Data excerpts
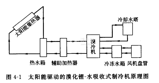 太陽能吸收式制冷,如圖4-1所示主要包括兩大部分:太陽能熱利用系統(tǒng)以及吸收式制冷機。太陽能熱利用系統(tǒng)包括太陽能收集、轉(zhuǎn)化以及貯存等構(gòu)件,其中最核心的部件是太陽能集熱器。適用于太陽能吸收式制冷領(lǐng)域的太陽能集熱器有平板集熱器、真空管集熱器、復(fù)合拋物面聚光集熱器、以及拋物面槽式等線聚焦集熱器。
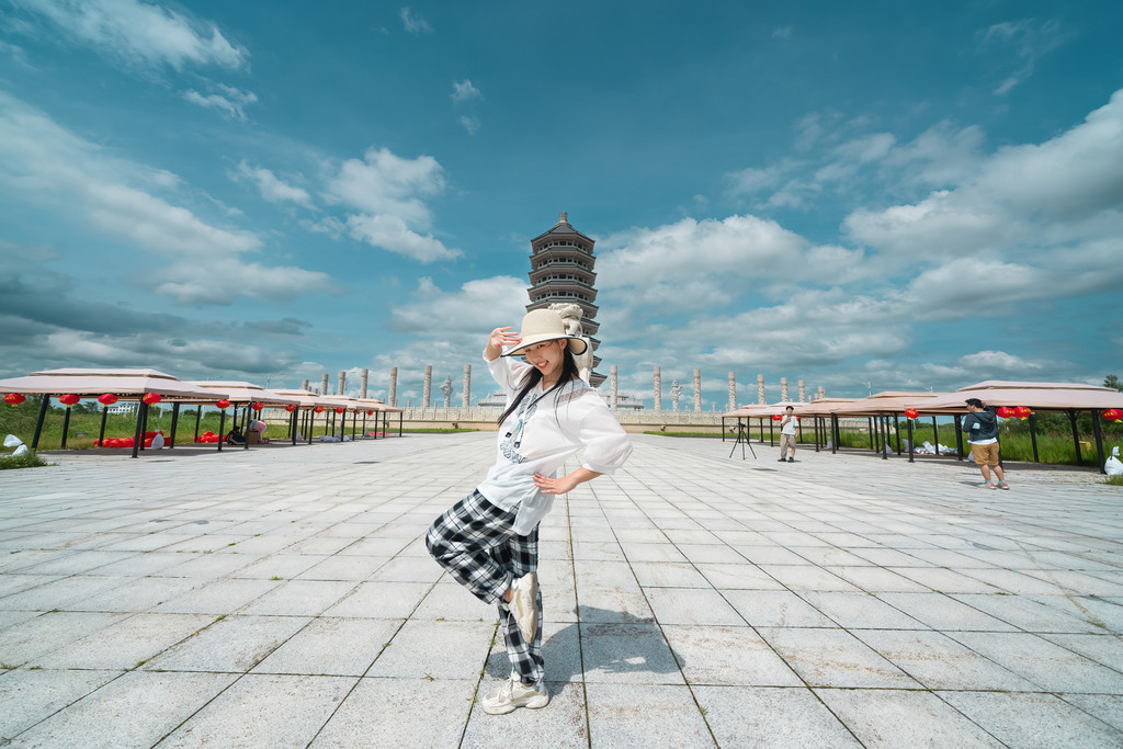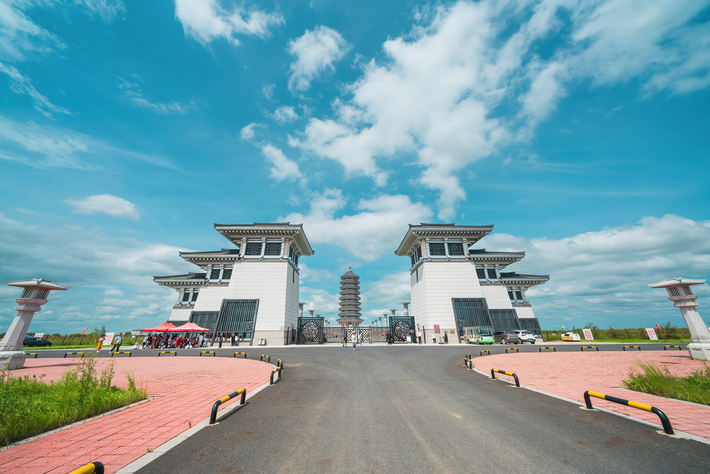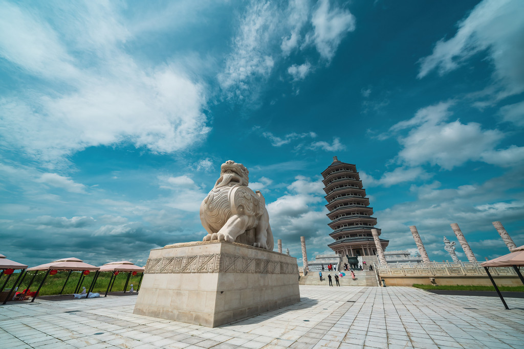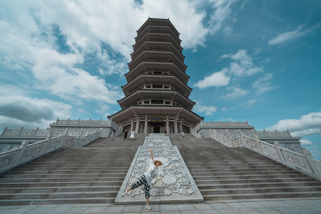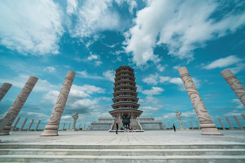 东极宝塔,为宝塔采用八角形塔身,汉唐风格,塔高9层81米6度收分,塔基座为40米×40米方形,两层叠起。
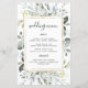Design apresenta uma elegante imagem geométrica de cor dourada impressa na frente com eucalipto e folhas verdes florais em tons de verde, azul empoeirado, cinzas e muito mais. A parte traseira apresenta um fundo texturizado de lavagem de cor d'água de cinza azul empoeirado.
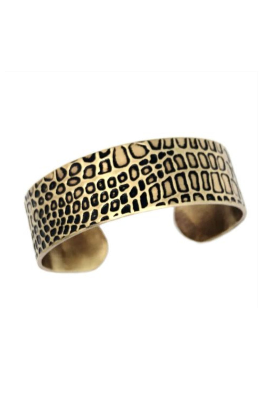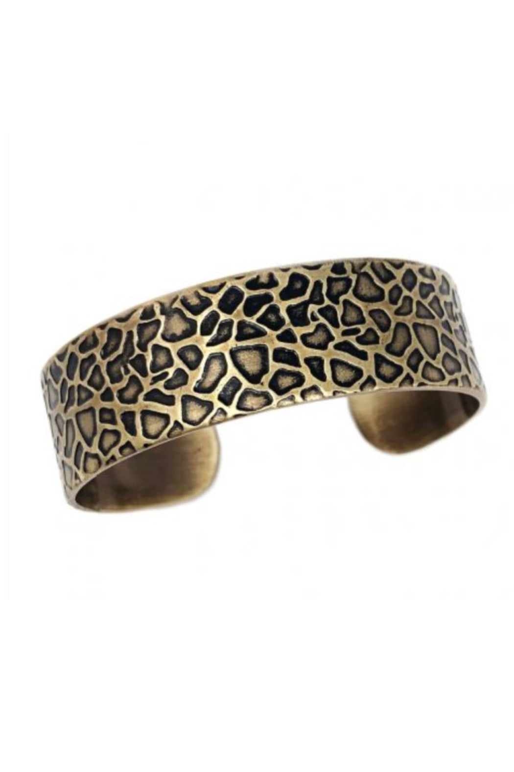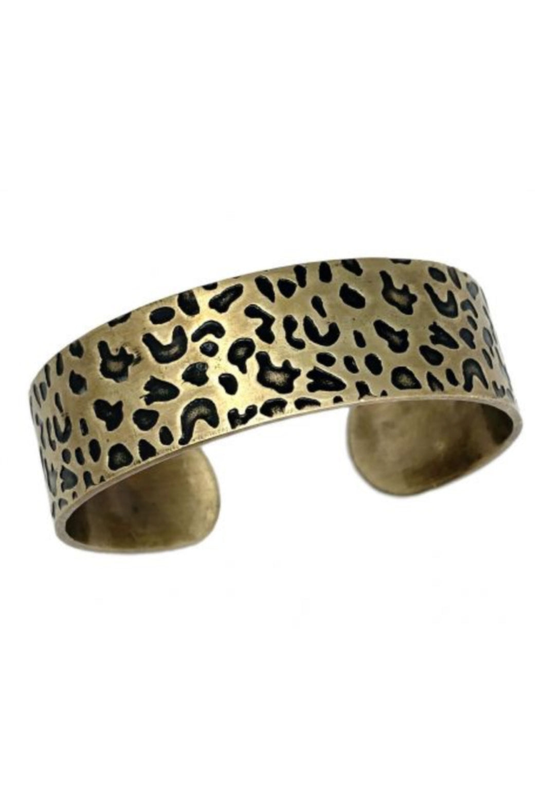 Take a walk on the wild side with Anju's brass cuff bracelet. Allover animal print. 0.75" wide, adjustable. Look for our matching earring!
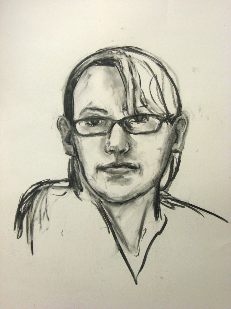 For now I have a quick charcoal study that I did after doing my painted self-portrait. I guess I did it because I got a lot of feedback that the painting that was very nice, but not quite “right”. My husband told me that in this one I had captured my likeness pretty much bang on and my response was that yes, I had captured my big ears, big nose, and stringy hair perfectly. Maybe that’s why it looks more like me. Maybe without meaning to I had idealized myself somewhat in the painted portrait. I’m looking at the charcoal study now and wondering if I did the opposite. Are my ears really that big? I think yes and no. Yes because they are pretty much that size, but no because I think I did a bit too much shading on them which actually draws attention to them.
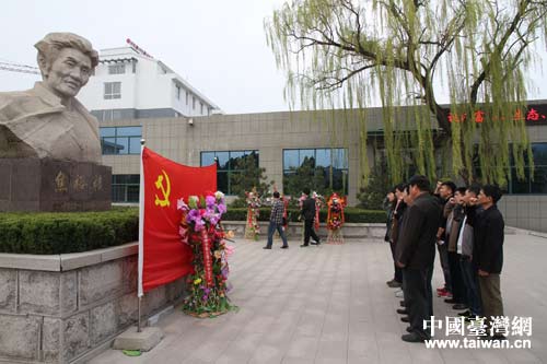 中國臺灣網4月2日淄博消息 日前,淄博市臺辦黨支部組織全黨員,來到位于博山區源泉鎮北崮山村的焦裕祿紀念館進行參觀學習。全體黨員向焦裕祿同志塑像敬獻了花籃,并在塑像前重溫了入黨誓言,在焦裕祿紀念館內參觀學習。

• Problem description: Retype exactly the lines above, starting at the line containing "For now I have" and ending with the last line, both included; leave out the pictures.

• Solved problem:
 For now I have a quick charcoal study that I did after doing my painted self-portrait. I guess I did it because I got a lot of feedback that the painting that was very nice, but not quite “right”. My husband told me that in this one I had captured my likeness pretty much bang on and my response was that yes, I had captured my big ears, big nose, and stringy hair perfectly. Maybe that’s why it looks more like me. Maybe without meaning to I had idealized myself somewhat in the painted portrait. I’m looking at the charcoal study now and wondering if I did the opposite. Are my ears really that big? I think yes and no. Yes because they are pretty much that size, but no because I think I did a bit too much shading on them which actually draws attention to them.
 中國臺灣網4月2日淄博消息 日前,淄博市臺辦黨支部組織全黨員,來到位于博山區源泉鎮北崮山村的焦裕祿紀念館進行參觀學習。全體黨員向焦裕祿同志塑像敬獻了花籃,并在塑像前重溫了入黨誓言,在焦裕祿紀念館內參觀學習。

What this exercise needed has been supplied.